The off-ball-runs and line-break detection features in
silly_kicks/tracking/_off_ball_runs.py (PR-S30, TF-4) are novel
implementations inspired by:

- Spearman, W. (2018). "Beyond Expected Goals." MIT Sloan Sports Analytics
  Conference.
  (OBSO framework — Off-Ball Scoring Opportunity; off-ball-runs and
  line-break concepts.)

- Power, P., Ruiz, H., Wei, X., & Lucey, P. (2017). "Not all passes are
  created equal: Objectively measuring the risk and reward of passes in
  soccer from tracking data." KDD '17.
  (Contextual passing risk/reward; qualitatively mentions line-breaking
  passes inside formation clustering.)

- Bauer, P., & Anzer, G. (2021). "Data-driven detection of counterpressing in
  professional football." Data Mining and Knowledge Discovery, 35(5), 2009-2049.
  (Section 3 describes a velocity-toward-ball heuristic for carrier
  identification, used as input to their counterpressing classifier.
  Adapted for infer_ball_carrier primitive in silly_kicks.tracking.)

- Vidal-Codina, F., Evans, N., El Fakir, B., & Billingham, J. (2022).
  "Automatic Event Detection in Football Using Tracking Data."
  Sports Engineering, 25, 18.
  (Inertia/hysteresis recommendation for ball-possession algorithms;
  motivates the gamma hysteresis parameter in infer_ball_carrier.)

The implementations are independent Python translations of the published
methodologies, not derived from any source code. Licensed under the same
terms as silly-kicks (MIT License).

Third-Party Code Attribution
----------------------------

The Bekkers Pressing Intensity time-to-intercept formula
(silly_kicks.tracking._kernels._bekkers_tti) is a re-implementation of
the canonical Python source published under the BSD 3-Clause License by
Joris Bekkers / UnravelSports:

    https://github.com/UnravelSports/unravelsports
    unravel/soccer/models/utils.py -- time_to_intercept()

Required attribution per BSD-3-Clause:

    Copyright (c) 2025 UnravelSports
    All rights reserved.

    Redistribution and use in source and binary forms, with or without
    modification, are permitted provided that the following conditions
    are met:
    (1) Redistributions of source code must retain the above copyright
        notice, this list of conditions and the following disclaimer.
    (2) Redistributions in binary form must reproduce the above copyright
        notice, this list of conditions and the following disclaimer in
        the documentation and/or other materials provided with the
        distribution.
    (3) Neither the name of the copyright holder nor the names of its
        contributors may be used to endorse or promote products derived
        from this software without specific prior written permission.

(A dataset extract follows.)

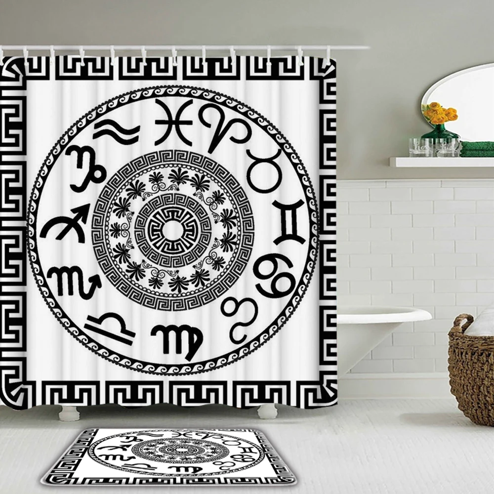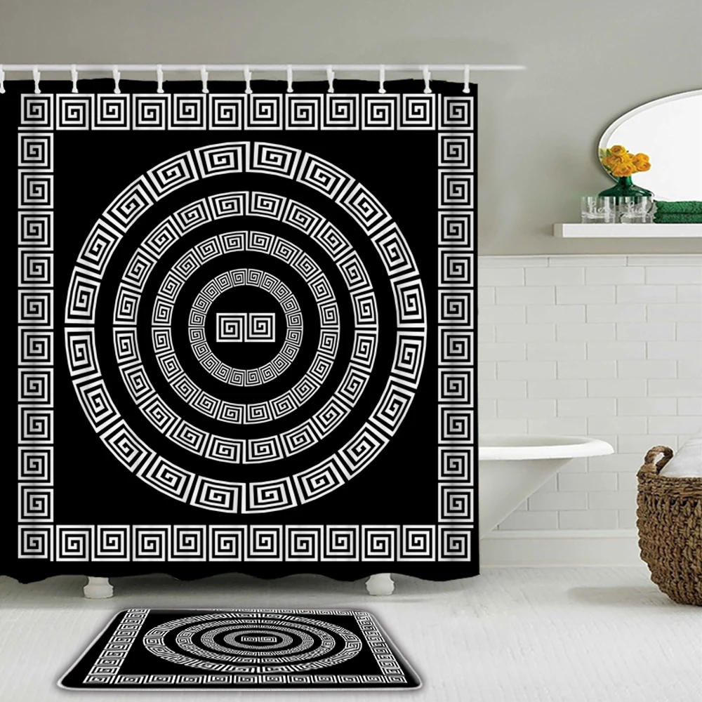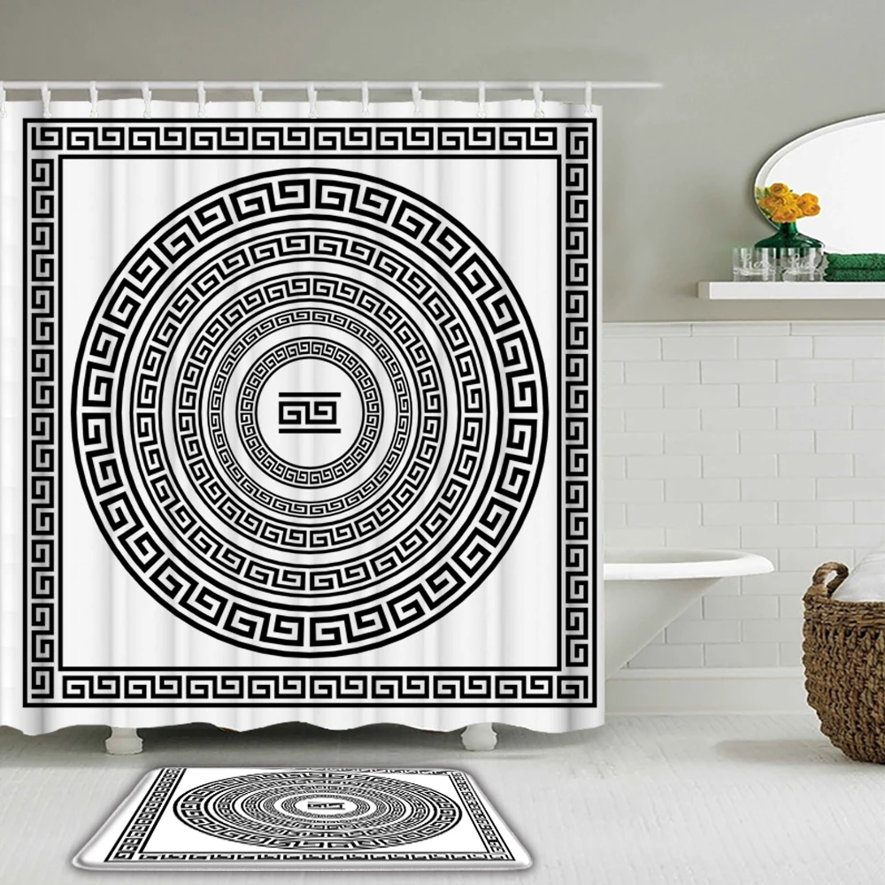 Занавеска для душа в этническом стиле с греческими клавишами, s набор, занавеска для ванной из полиэстера, традиционная Антискользящая кайма меандра, коврик, Декор

    THIS SOFTWARE IS PROVIDED BY THE COPYRIGHT HOLDERS AND CONTRIBUTORS
    "AS IS" AND ANY EXPRESS OR IMPLIED WARRANTIES, INCLUDING, BUT NOT
    LIMITED TO, THE IMPLIED WARRANTIES OF MERCHANTABILITY AND FITNESS
    FOR A PARTICULAR PURPOSE ARE DISCLAIMED. IN NO EVENT SHALL THE
    COPYRIGHT HOLDER OR CONTRIBUTORS BE LIABLE FOR ANY DIRECT, INDIRECT,
    INCIDENTAL, SPECIAL, EXEMPLARY, OR CONSEQUENTIAL DAMAGES (INCLUDING,
    BUT NOT LIMITED TO, PROCUREMENT OF SUBSTITUTE GOODS OR SERVICES;
    LOSS OF USE, DATA, OR PROFITS; OR BUSINESS INTERRUPTION) HOWEVER
    CAUSED AND ON ANY THEORY OF LIABILITY, WHETHER IN CONTRACT, STRICT
    LIABILITY, OR TORT (INCLUDING NEGLIGENCE OR OTHERWISE) ARISING IN
    ANY WAY OUT OF THE USE OF THIS SOFTWARE, EVEN IF ADVISED OF THE
    POSSIBILITY OF SUCH DAMAGE.

silly-kicks re-implements the algorithm with attribution; any modifications
to numerical constants, parameter handling, or aggregation logic are
documented in the source module docstring of silly_kicks.tracking._kernels.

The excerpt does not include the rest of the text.